During the 2012 presidential election I accompanied some canvassers going door to door in Philadelphia. Their aim was to remind people in this pivotal swing state to vote and to vote Democrat. Again and again, the big concern among the folks opening their doors was the state’s new and very strict voter-ID law, which required voters to provide a government-issued picture ID. The law would have made it impossible for hundreds of thousands—some say 750,000—of people to vote, most of them likely to vote Democratic. Not even government-issued welfare cards and military identification cards were acceptable. Plenty of older Philadelphians, many of them black, do not even have a birth certificate.
Tom Corbett, Pennsylvania’s Republican governor, signed this cynical law in March 2012, alleging it would prevent voter fraud. “We need to ensure that our elections are fair,” he argued, though the state had witnessed precious few incidents of voter fraud. Democrats complained that the law disenfranchised minorities and the poor. A last-minute ruling blocked Pennsylvania’s law from taking effect in the November 2012 elections, but kept it on the books. The Obama campaign called it a “costly bill to address a non-existent problem”.

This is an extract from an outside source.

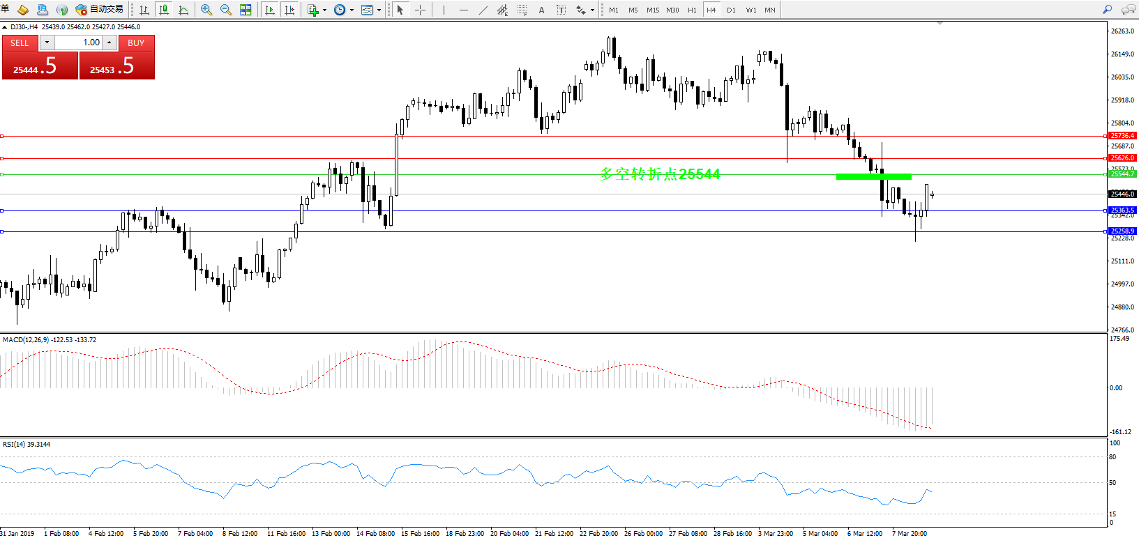 道琼斯指数DJ30—— 4小时K线图显示:

On January 17th a Commonwealth state judge agreed. “Disenfranchising voters through no fault of the voter himself is plainly unconstitutional,” wrote Judge Bernard McGinley (in reference to the state constitution, not the US constitution). Not only was the law was “fraught with illegalities and dubious authority”, but also Mr McGinley found that the state’s $5m campaign to explain the law to voters was full of inaccuracies. The ruling comes after 18 months of litigation.